Симон закатил глаза и уставился в потолок. Бонифаций Фронвизер завидовал Куизлю, и зависть эта многие годы не давала ему покоя. С любой болячкой люди, хоть и тайком, охотнее все же шли к палачу, чем к местному лекарю. Это было гораздо дешевле, к тому же палачи считались непревзойденными целителями и, как никто другой, разбирались не только в переломах и ранениях, но и в болезнях внутренних органов. Благодаря бесчисленным пыткам и казням они знали человеческое тело лучше любого ученого лекаря.

Но прежде всего старого Фронвизера злило то, что его сын водил дружбу с палачом. От Якоба Куизля Симон получил знаний больше, чем от отца и университета Ингольштадта, вместе взятых. У палача водились книги по медицине, какие найдешь не в каждой библиотеке. Он знал каждую травинку, мог распознать любой яд и сверялся с записями, которые среди ученых считались творениями дьявола. Симон почитал Куизля – и любил его дочь. Эти два обстоятельства нередко приводили Бонифация Фронвизера в бешенство.

Пока старик поносил палача и его семью, Симон подошел к очагу, над которым еще с прошлого вечера висел котелок с горячей водой. Лекарь по опыту знал: чтобы пережить такие минуты, кофе просто незаменим.

– С теми, кто делит постель с дочерью палача, я вообще разговаривать не желаю! – Неистовство отца достигло высшей своей точки. – Удивительно еще, почему ты сейчас дома, а не со своей шлюхой…

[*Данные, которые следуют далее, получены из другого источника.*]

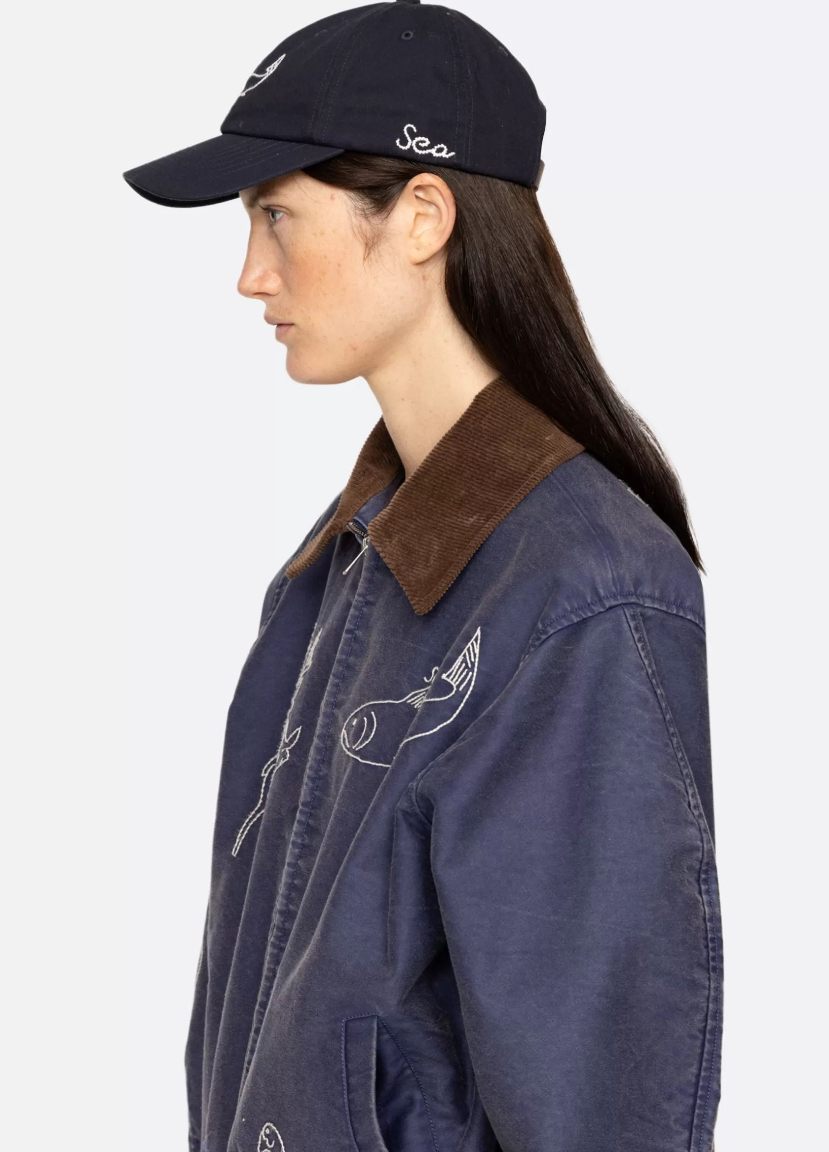 The Demi french wear cap features an embroidered fish.Details:self-100% cottondecoration-100% leatheradjustable back str…
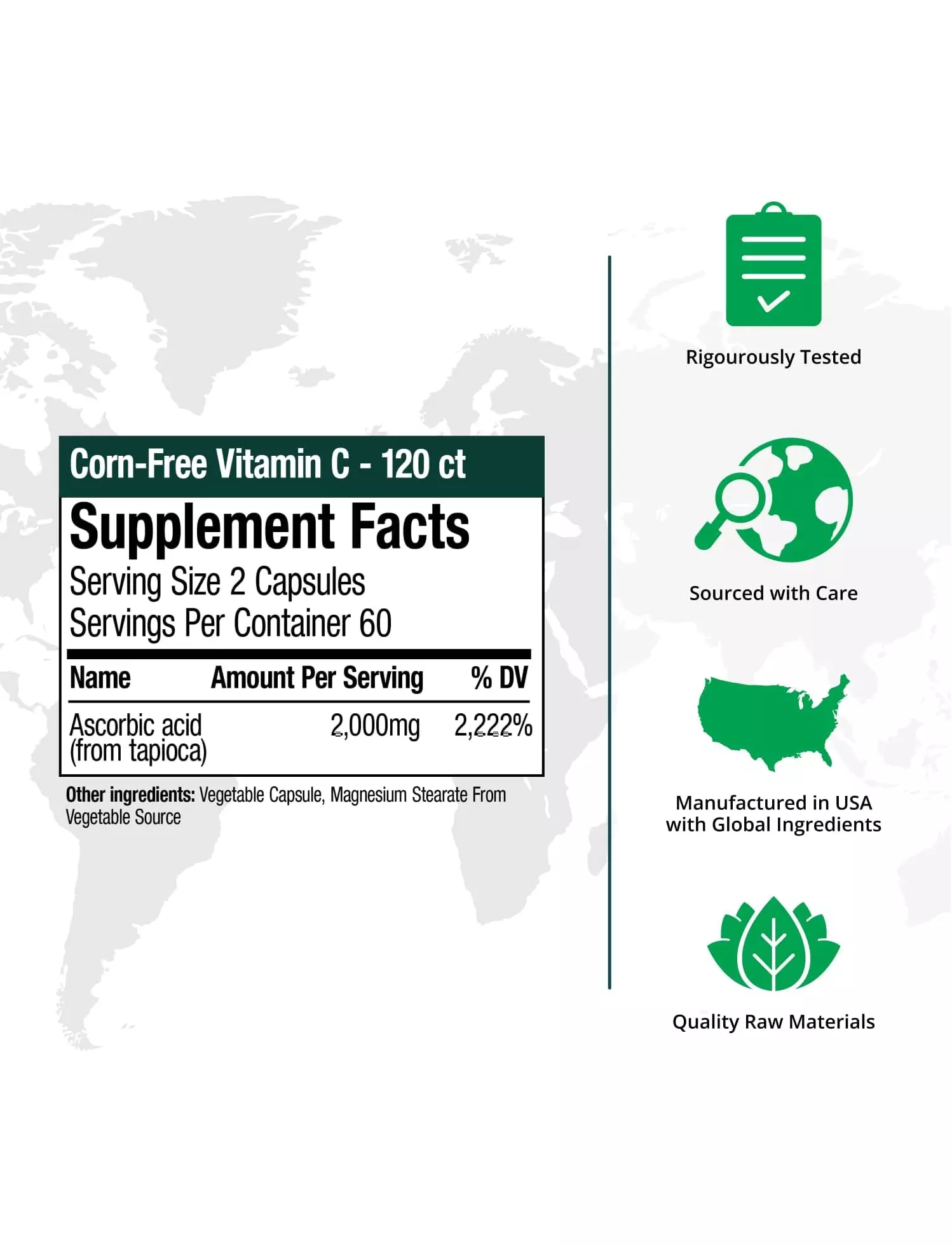 Наші високоякісні капсули з вітаміном С, що легко ковтаються, отримані з кореня маніокі (тапіоки), розроблені спеціально для того, щоб допомогти вам задовольнити щоденну потребу у вітаміні С, при цьому повністю виключаючи з раціону кукурудзу і зернові!
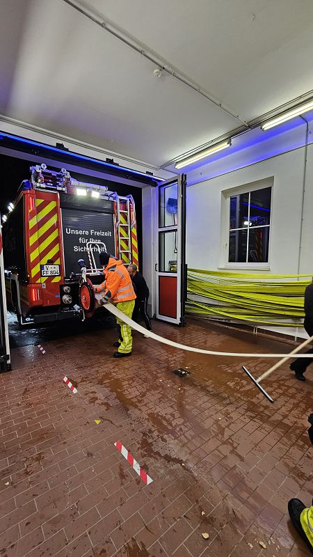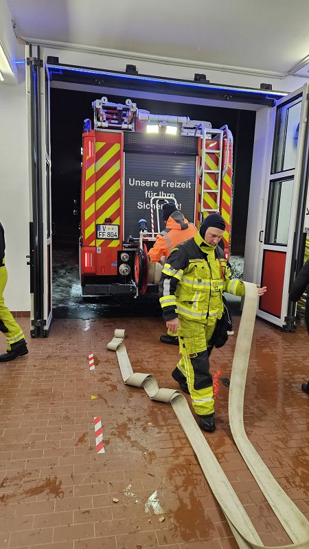 Die Einsatzkräfte benötigten nur einen sehr kurzen Wassereinsatz, dann hatten sie alles im Griff. Nach der umfangreichen Beräumung im Gebäudebereich galt es die Einsatzmittel zu Hause im Feuerwehrhaus angekommen, zu reinigen.
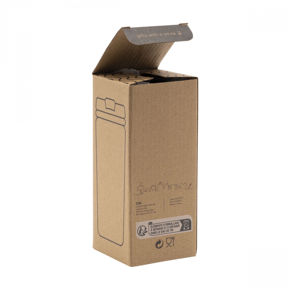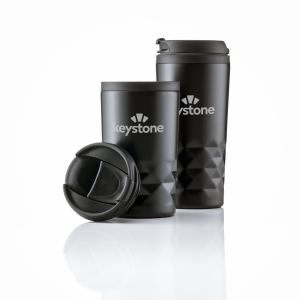 Artikel-Nr: CLP463898Doppelwandiger, auslaufsicherer Edelstahl-Thermobecher mit Schraubdeckel und Klicköffnung. PP-Innenwand. Mit auffallendem geometrischem 3D-Rautenmuster im Halter. Rutschfester Boden. Tropfsicher. Nicht spülmaschinengeeignet. Fassungsvermögen 300 ml. Wird einzeln in einem Kraftkarton geliefert.
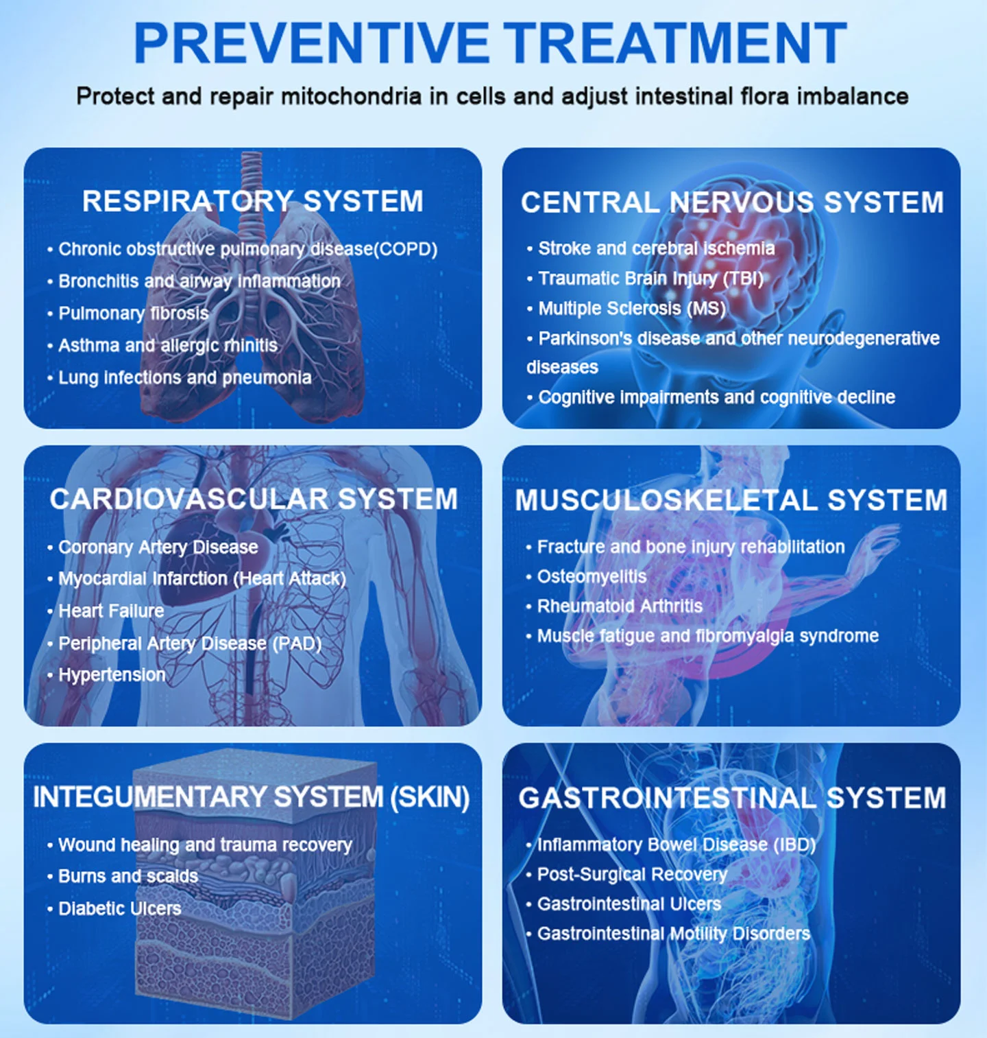 ▪ Tissue diseases: brain trauma, brain dysplasia, insomnia, nerve damage (facial paralysis, deafness, optic neuropathy, etc.), crush injuries, cervical and lumbar spine diseases, poor wound healing, diabetic foot, etc.
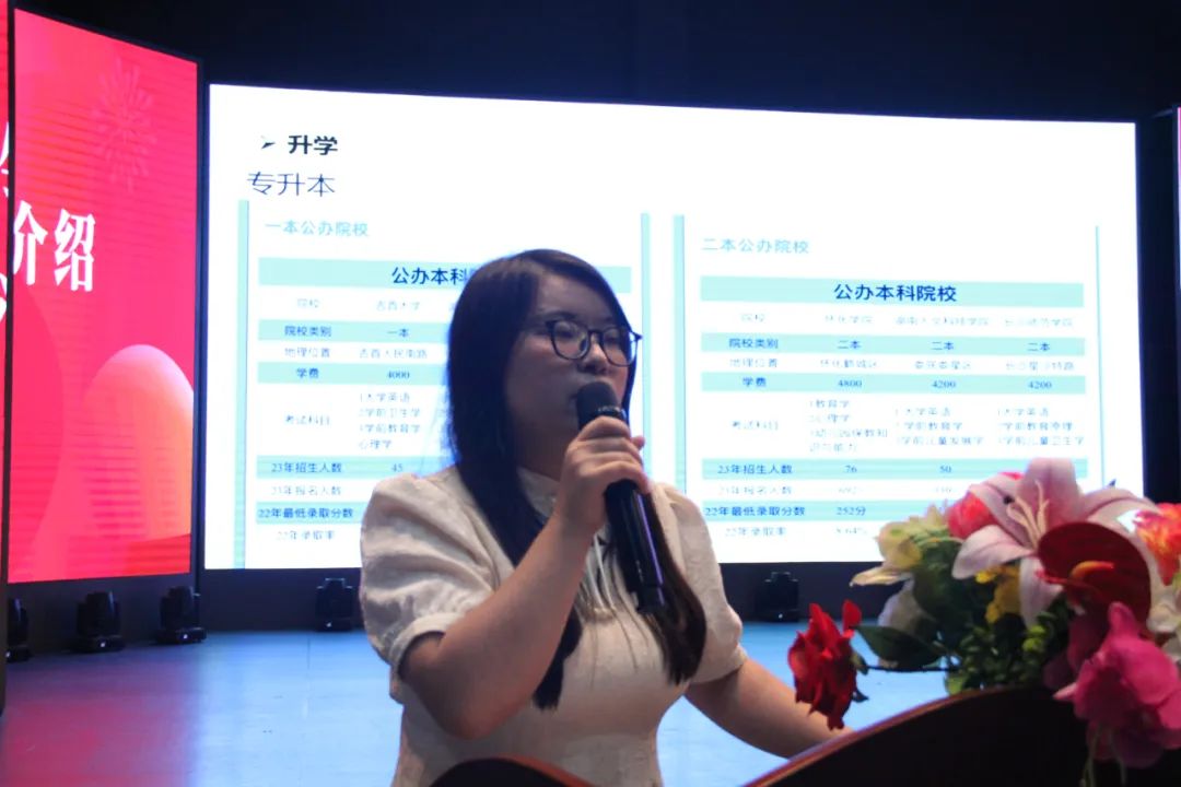 為了讓同學(xué)們更充分的了解自己的專業(yè),邀請到優(yōu)秀的專業(yè)老師分會場進(jìn)行專業(yè)引領(lǐng)介紹。學(xué)前教育專業(yè)謝少封老師為大家詳細(xì)解讀了學(xué)前教育專業(yè)的就業(yè)背景,學(xué)前教育就業(yè)方向比如多元化教育、特殊教育和心理輔導(dǎo),對于考證升學(xué)謝老師建議大家規(guī)劃好大學(xué)的目標(biāo)為專升本做準(zhǔn)備。早期教育專業(yè)歐平老師為大家介紹了早期教育的專業(yè)背景、專業(yè)發(fā)展前景主要以“嬰幼兒照護(hù)”“早期教育機(jī)構(gòu)”為主;專業(yè)核心課程主要包括了“嬰幼兒心理學(xué)”“嬰幼兒游戲指導(dǎo)”“嬰幼兒感統(tǒng)訓(xùn)練”等課程及課外實(shí)踐。讓同學(xué)們清晰地認(rèn)識到了早教專業(yè)的基礎(chǔ)知識及發(fā)展方向,進(jìn)一步促進(jìn)了同學(xué)們對早教專業(yè)的理解與認(rèn)知。同時也邀請到了21級的學(xué)姐們?yōu)榇蠹覀魇谧约旱慕?jīng)驗(yàn)。
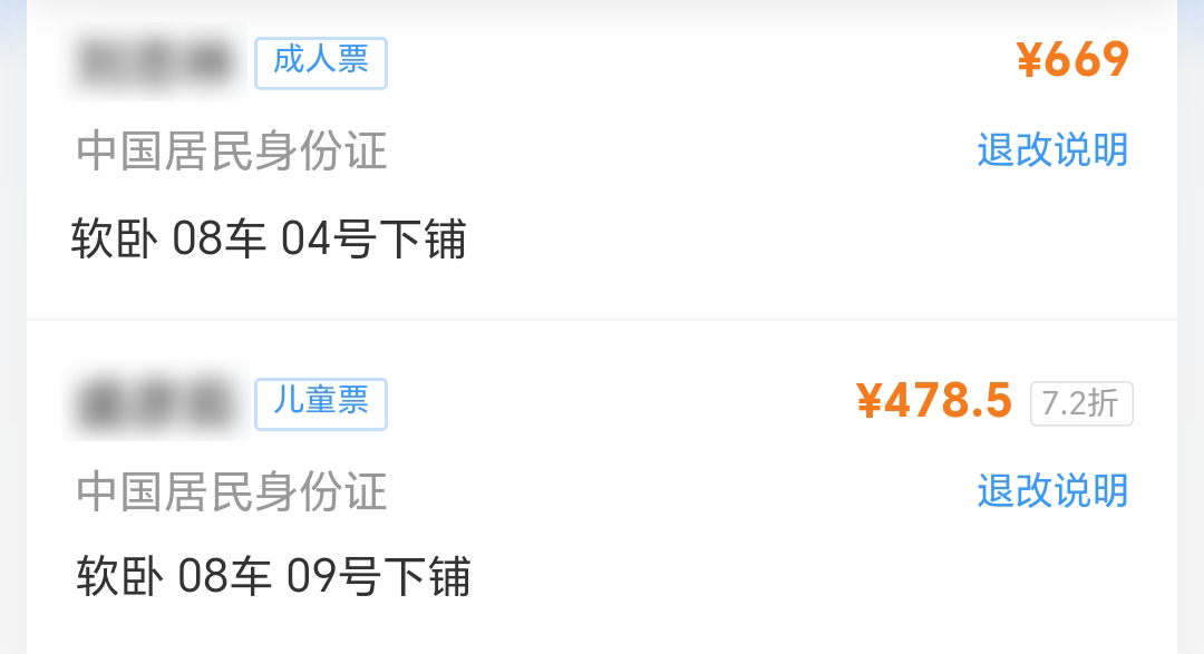 儿童优惠票软卧票价=软座票价×50%+卧铺票价(软)×100%
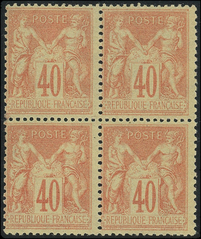 rouge-orange très clair, BLOC de 4, PAIRE sup. *, TB (Image)
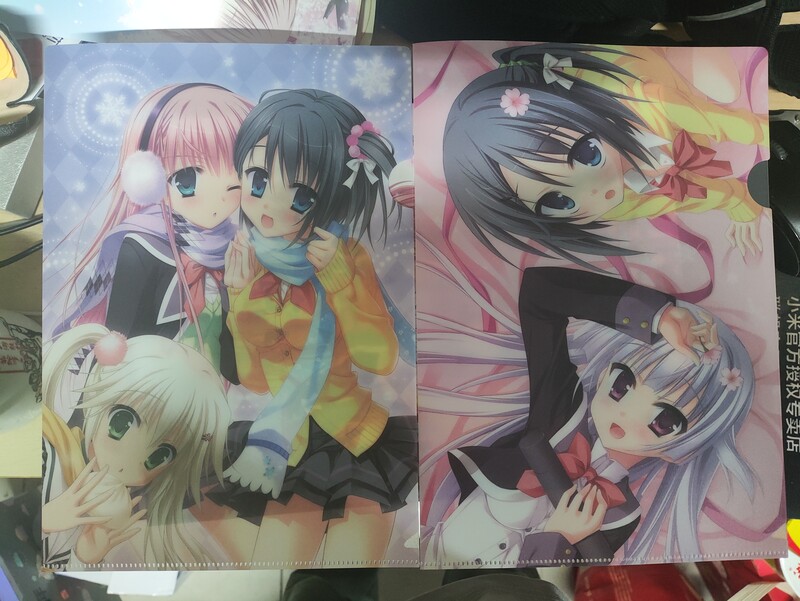 剩下的,徽章时尚小垃圾不值一提。“海报”其实就是几张小纸片不值一提。签名板(色纸)倒还可以,是画师为了众筹现画的,我选的是婚纱白熊,两个包子头很可爱,不过总觉得很像《金恋》里的米娜。签名板不太好挂,本来像买个亚克力相框装潢一下的,但这个大小的相框也不便宜,所以暂时先不挂了。还有两个文件袋,插画原图确实不是游戏CG,但这算“痛袋”了吧,实在不太好意思拿出来用。
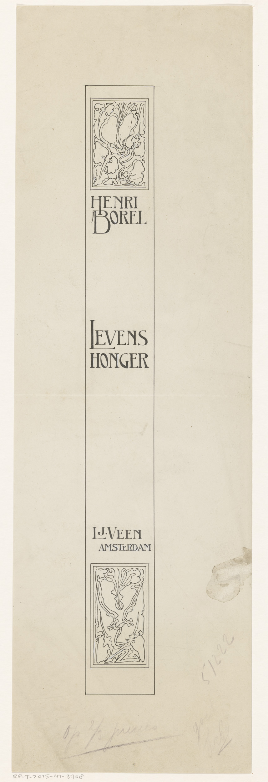 Ontwerp voor een boekrug voor: Henri Borel, Levensho...
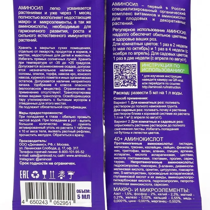 Витамины для роз Аминосил созданы для полноценного сбалансированного питания всех типов роз весной и летом. 100% органический состав. Макро и микроэлементы. 40+ аминокислот.Удобрение для роз содержит все необходимые элементы питания, которые необходимы для здоровья и красоты растений. Подкормка для цветущих обладает уникальной формулой, которая способствует быстрому и здоровому росту цветов и обеспечит пышное продолжительное цветение садовых цветов. Оно содержит все важные макро и микроэлементы, а также натуральные добавки, которые увеличивают количество питательных веществ, необходимых для роста и цветения. Рекомендуется использовать в период активного роста растений и цветения.5 мл витаминного концентрата АМИНОСИЛ для роз разбавить в 1 л воды до образования однородного раствора.Вариант 1:• Для комнатных роз - поливать почву и растение получившимся раствором ближе к основанию до полного намокания грунта;• Для садовых роз - поливать почву и растение получившимся раствором ближе к корневой системе из расчета 1 л на 1 м².Вариант 2:Опрыскивать растение полученным раствором с помощью пульверизатора до полного смачивания листвы. Избегать попадания на бутоны и лепестки цветов.Периодичность:• Для комнатных роз 1 раз в 2 недели (с мая по октябрь) и 1 раз в 4 недели (с ноября по апрель);• Для садовых роз 1 раз в 2 недели (с апреля по август). Наилучший органический состав для роз;Накопительный эффект, который постоянно усиливает иммунитет растения и улучшает зимостойкость;Обеспечивает пышное продолжительное цветение;
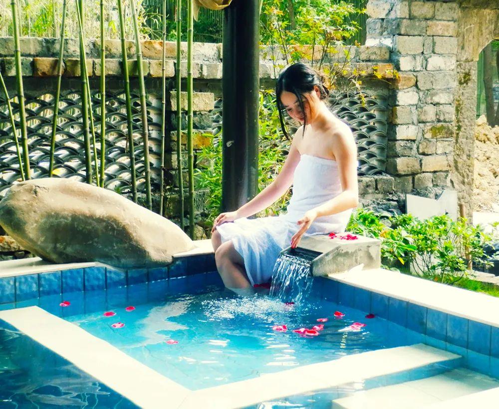 咸宁万豪温泉谷又名沸潭,因高品质泉水,含有丰富有益矿质。在唐代即已著称,至今有1400年历史。这里不仅有精致的室外温泉区,还有按东南亚风情精心打造的室内温泉,布景雅致,亭台错落,鄂南特色风情的细节都能在温泉谷内打量到。
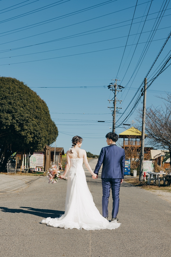 数あるスタジオの中から、当店をお選びいただきありがとうございました!とっても天気も良く、お2人の洋装姿が青空に映えていますね✨
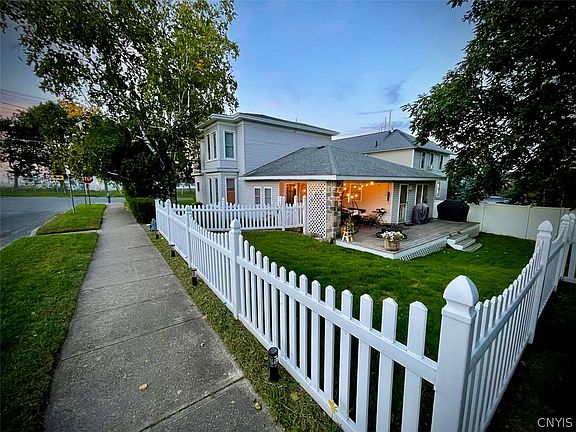 Charming corner colonial with attached 1-car garage, neatly fenced yard and a modern interior. Enjoy time outside relaxing at the covered deck, with handy access to your grilling area. The large kitchen and dining areas are open and inviting. Convenient mudroom and laundry is close the garage entrance. The heated front porch gives extra space for a home office or fitness area! The main floor full bath is complete with soaking tub, and large walk-in shower! Close to SUNY Oswego and a convenient drive to all things Oswego!
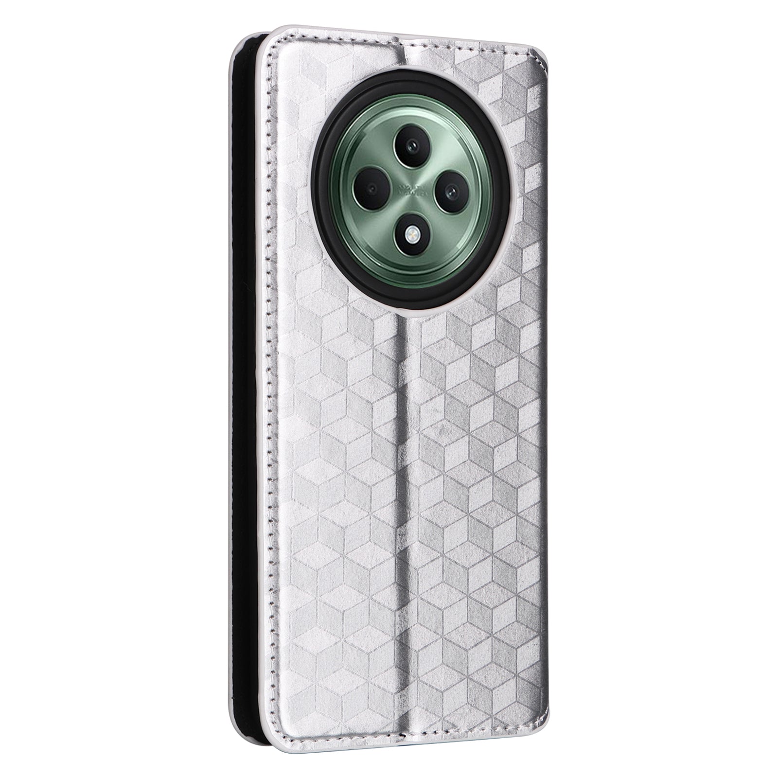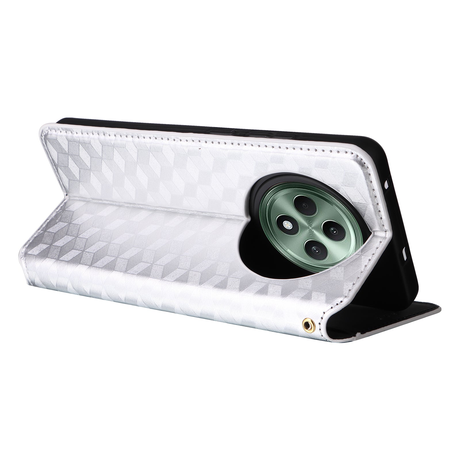 For Oppo Reno12 F 5G / Oppo F27 5G Case Leather Wallet Phone Cover Rhombus Imprinted - Silver

Симон едва не смял в руках нагретый котелок.

– Отец, я прошу тебя…

– Ха! Он меня просит! – передразнил его отец. – А я тебя сколько раз просил? Сколько? Чтобы ты прекратил свои позорные похождения, чтобы помог мне с работой и женился уже на дочке Вайнбергера или хоть на племяннице Харденберга, содержателя больницы… Так нет же, сыночку моему надо с палачкой обжиматься, чтобы весь город языки точил!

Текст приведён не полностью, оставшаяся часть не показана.